Stored data:

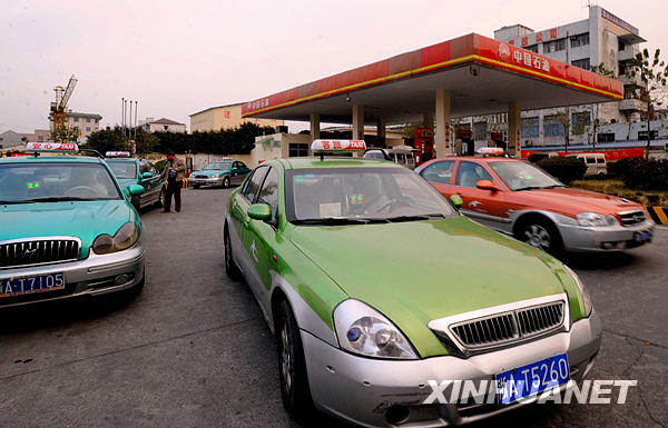 幾輛出租車在杭州一處加油站外等待加油(12月13日攝)。近日,杭州市委、市政府公布包括補貼、減稅等在內(nèi)的13條舉措,促進出租車行業(yè)健康穩(wěn)定發(fā)展,為出租車司機減負。
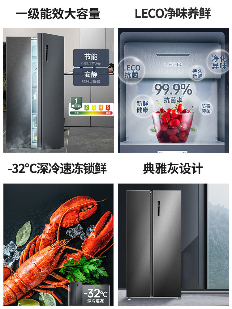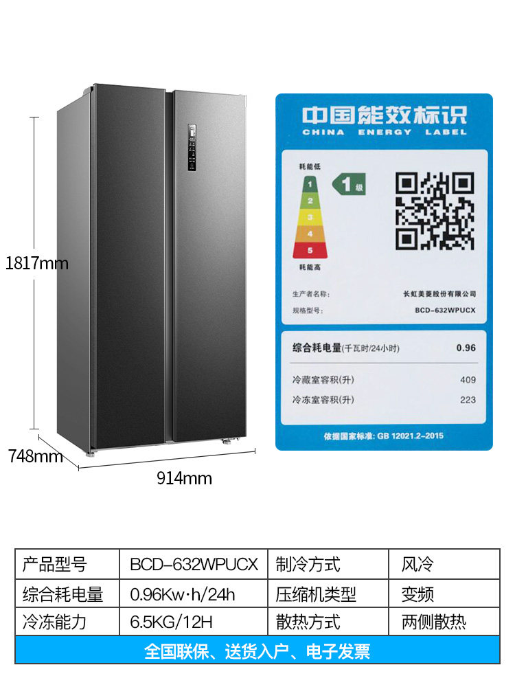 Meiling 632L first-class frequency conversion large capacity double door to door frost-free household energy-saving refrigerator official flagship
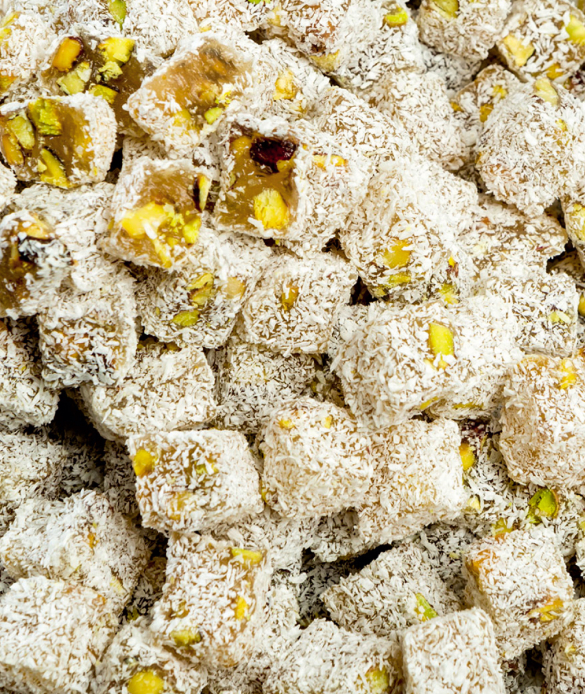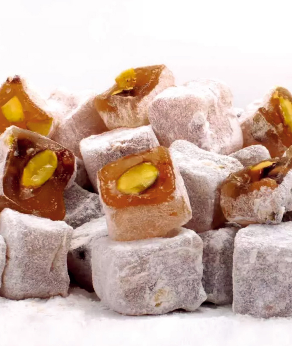 One of the oldest sweets in the world, going back almost 500 years, the Turkish Delight ( lokum in Turkish ) recipe has remained almost unchanged since the day of its inception. Turkish Delight in Turkish is called “ Lokum “ word comes from the Arabic phrase “ rahat ul hulkum “ meaning “comfortable morsel “ or “rest and soothing for the throat”.
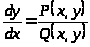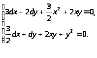 Имеет частный интеграл y2+αxy+βx2+γy+δx+σ=0, коэффициенты которого выражаются формулами:
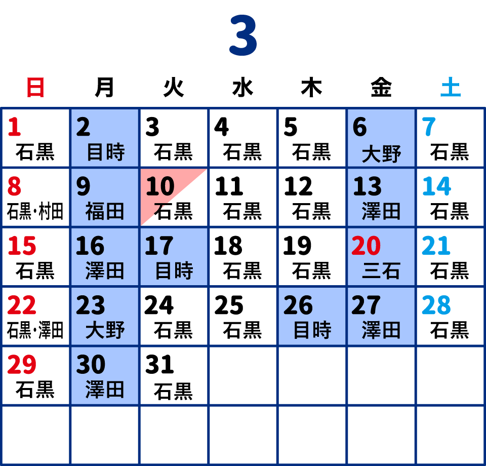 | 10:15~19:00 | ● | ● | ● | ● | ● | ● | ● | ● |

* [Problem requirements]: Take the line containing "Meiling 632L first-class" and all lines after it to the end of the data above, and reproduce them exactly, leaving out pictures. Nothing else belongs in the copy.

* [Task response]:
 Meiling 632L first-class frequency conversion large capacity double door to door frost-free household energy-saving refrigerator official flagship
 One of the oldest sweets in the world, going back almost 500 years, the Turkish Delight ( lokum in Turkish ) recipe has remained almost unchanged since the day of its inception. Turkish Delight in Turkish is called “ Lokum “ word comes from the Arabic phrase “ rahat ul hulkum “ meaning “comfortable morsel “ or “rest and soothing for the throat”.
 Имеет частный интеграл y2+αxy+βx2+γy+δx+σ=0, коэффициенты которого выражаются формулами:
 | 10:15~19:00 | ● | ● | ● | ● | ● | ● | ● | ● |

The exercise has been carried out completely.